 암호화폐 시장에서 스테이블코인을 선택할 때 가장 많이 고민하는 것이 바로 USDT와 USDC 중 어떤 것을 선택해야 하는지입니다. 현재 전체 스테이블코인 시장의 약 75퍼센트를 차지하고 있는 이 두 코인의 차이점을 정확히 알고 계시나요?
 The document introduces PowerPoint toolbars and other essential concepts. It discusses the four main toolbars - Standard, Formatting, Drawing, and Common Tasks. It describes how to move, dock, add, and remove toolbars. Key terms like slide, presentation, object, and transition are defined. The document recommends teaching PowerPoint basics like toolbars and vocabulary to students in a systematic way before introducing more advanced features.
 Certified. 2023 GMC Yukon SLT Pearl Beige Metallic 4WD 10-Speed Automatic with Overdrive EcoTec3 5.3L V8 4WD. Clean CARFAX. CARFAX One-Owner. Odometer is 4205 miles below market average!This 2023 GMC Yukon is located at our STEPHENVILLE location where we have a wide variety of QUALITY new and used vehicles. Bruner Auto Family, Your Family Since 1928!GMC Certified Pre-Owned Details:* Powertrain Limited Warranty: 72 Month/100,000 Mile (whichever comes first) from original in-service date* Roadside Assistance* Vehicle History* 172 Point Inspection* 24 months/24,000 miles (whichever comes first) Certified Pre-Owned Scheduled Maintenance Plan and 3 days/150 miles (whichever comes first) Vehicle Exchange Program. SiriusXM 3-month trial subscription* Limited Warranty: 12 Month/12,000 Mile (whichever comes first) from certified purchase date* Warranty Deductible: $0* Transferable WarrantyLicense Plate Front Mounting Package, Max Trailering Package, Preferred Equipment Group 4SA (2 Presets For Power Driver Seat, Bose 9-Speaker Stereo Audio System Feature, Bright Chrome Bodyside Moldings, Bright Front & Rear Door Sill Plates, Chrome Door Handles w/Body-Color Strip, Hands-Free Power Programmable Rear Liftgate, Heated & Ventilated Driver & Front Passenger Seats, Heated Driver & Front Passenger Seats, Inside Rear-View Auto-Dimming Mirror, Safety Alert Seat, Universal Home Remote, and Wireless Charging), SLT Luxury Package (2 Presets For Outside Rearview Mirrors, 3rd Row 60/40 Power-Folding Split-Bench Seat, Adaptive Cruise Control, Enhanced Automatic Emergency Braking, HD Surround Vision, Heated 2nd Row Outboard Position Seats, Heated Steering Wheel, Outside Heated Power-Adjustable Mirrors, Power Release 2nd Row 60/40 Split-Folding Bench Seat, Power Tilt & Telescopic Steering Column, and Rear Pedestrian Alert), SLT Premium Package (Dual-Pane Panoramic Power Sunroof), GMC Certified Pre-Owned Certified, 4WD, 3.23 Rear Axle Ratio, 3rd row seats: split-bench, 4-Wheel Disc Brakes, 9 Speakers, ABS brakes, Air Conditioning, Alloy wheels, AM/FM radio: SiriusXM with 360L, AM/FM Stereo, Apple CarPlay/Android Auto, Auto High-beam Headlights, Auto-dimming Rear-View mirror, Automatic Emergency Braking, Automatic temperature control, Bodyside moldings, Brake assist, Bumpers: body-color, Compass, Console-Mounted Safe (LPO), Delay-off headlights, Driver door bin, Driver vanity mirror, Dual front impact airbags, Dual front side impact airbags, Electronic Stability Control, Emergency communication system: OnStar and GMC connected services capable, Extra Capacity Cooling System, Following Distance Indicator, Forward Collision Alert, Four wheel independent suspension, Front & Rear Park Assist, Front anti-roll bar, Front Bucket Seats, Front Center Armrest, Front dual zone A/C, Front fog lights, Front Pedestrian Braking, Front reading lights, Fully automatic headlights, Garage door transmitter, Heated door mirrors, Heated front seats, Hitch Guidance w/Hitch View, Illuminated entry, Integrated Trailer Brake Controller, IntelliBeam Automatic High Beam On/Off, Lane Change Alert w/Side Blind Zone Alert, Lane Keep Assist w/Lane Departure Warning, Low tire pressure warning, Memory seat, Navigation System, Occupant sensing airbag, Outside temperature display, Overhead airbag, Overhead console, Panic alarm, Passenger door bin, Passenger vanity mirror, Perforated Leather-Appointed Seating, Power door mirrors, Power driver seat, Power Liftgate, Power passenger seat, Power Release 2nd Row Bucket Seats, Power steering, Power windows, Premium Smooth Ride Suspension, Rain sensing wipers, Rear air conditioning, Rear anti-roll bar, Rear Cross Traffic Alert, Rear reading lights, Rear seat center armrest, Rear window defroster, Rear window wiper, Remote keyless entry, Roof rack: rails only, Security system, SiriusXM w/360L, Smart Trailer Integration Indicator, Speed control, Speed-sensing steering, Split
------------------------------------------------------------------------
◆ **WORK INSTRUCTIONS**
An exact copy of every line above is what this asks for.

◆ **ANSWER TO THE PROBLEM**
 암호화폐 시장에서 스테이블코인을 선택할 때 가장 많이 고민하는 것이 바로 USDT와 USDC 중 어떤 것을 선택해야 하는지입니다. 현재 전체 스테이블코인 시장의 약 75퍼센트를 차지하고 있는 이 두 코인의 차이점을 정확히 알고 계시나요?
 The document introduces PowerPoint toolbars and other essential concepts. It discusses the four main toolbars - Standard, Formatting, Drawing, and Common Tasks. It describes how to move, dock, add, and remove toolbars. Key terms like slide, presentation, object, and transition are defined. The document recommends teaching PowerPoint basics like toolbars and vocabulary to students in a systematic way before introducing more advanced features.
 Certified. 2023 GMC Yukon SLT Pearl Beige Metallic 4WD 10-Speed Automatic with Overdrive EcoTec3 5.3L V8 4WD. Clean CARFAX. CARFAX One-Owner. Odometer is 4205 miles below market average!This 2023 GMC Yukon is located at our STEPHENVILLE location where we have a wide variety of QUALITY new and used vehicles. Bruner Auto Family, Your Family Since 1928!GMC Certified Pre-Owned Details:* Powertrain Limited Warranty: 72 Month/100,000 Mile (whichever comes first) from original in-service date* Roadside Assistance* Vehicle History* 172 Point Inspection* 24 months/24,000 miles (whichever comes first) Certified Pre-Owned Scheduled Maintenance Plan and 3 days/150 miles (whichever comes first) Vehicle Exchange Program. SiriusXM 3-month trial subscription* Limited Warranty: 12 Month/12,000 Mile (whichever comes first) from certified purchase date* Warranty Deductible: $0* Transferable WarrantyLicense Plate Front Mounting Package, Max Trailering Package, Preferred Equipment Group 4SA (2 Presets For Power Driver Seat, Bose 9-Speaker Stereo Audio System Feature, Bright Chrome Bodyside Moldings, Bright Front & Rear Door Sill Plates, Chrome Door Handles w/Body-Color Strip, Hands-Free Power Programmable Rear Liftgate, Heated & Ventilated Driver & Front Passenger Seats, Heated Driver & Front Passenger Seats, Inside Rear-View Auto-Dimming Mirror, Safety Alert Seat, Universal Home Remote, and Wireless Charging), SLT Luxury Package (2 Presets For Outside Rearview Mirrors, 3rd Row 60/40 Power-Folding Split-Bench Seat, Adaptive Cruise Control, Enhanced Automatic Emergency Braking, HD Surround Vision, Heated 2nd Row Outboard Position Seats, Heated Steering Wheel, Outside Heated Power-Adjustable Mirrors, Power Release 2nd Row 60/40 Split-Folding Bench Seat, Power Tilt & Telescopic Steering Column, and Rear Pedestrian Alert), SLT Premium Package (Dual-Pane Panoramic Power Sunroof), GMC Certified Pre-Owned Certified, 4WD, 3.23 Rear Axle Ratio, 3rd row seats: split-bench, 4-Wheel Disc Brakes, 9 Speakers, ABS brakes, Air Conditioning, Alloy wheels, AM/FM radio: SiriusXM with 360L, AM/FM Stereo, Apple CarPlay/Android Auto, Auto High-beam Headlights, Auto-dimming Rear-View mirror, Automatic Emergency Braking, Automatic temperature control, Bodyside moldings, Brake assist, Bumpers: body-color, Compass, Console-Mounted Safe (LPO), Delay-off headlights, Driver door bin, Driver vanity mirror, Dual front impact airbags, Dual front side impact airbags, Electronic Stability Control, Emergency communication system: OnStar and GMC connected services capable, Extra Capacity Cooling System, Following Distance Indicator, Forward Collision Alert, Four wheel independent suspension, Front & Rear Park Assist, Front anti-roll bar, Front Bucket Seats, Front Center Armrest, Front dual zone A/C, Front fog lights, Front Pedestrian Braking, Front reading lights, Fully automatic headlights, Garage door transmitter, Heated door mirrors, Heated front seats, Hitch Guidance w/Hitch View, Illuminated entry, Integrated Trailer Brake Controller, IntelliBeam Automatic High Beam On/Off, Lane Change Alert w/Side Blind Zone Alert, Lane Keep Assist w/Lane Departure Warning, Low tire pressure warning, Memory seat, Navigation System, Occupant sensing airbag, Outside temperature display, Overhead airbag, Overhead console, Panic alarm, Passenger door bin, Passenger vanity mirror, Perforated Leather-Appointed Seating, Power door mirrors, Power driver seat, Power Liftgate, Power passenger seat, Power Release 2nd Row Bucket Seats, Power steering, Power windows, Premium Smooth Ride Suspension, Rain sensing wipers, Rear air conditioning, Rear anti-roll bar, Rear Cross Traffic Alert, Rear reading lights, Rear seat center armrest, Rear window defroster, Rear window wiper, Remote keyless entry, Roof rack: rails only, Security system, SiriusXM w/360L, Smart Trailer Integration Indicator, Speed control, Speed-sensing steering, Split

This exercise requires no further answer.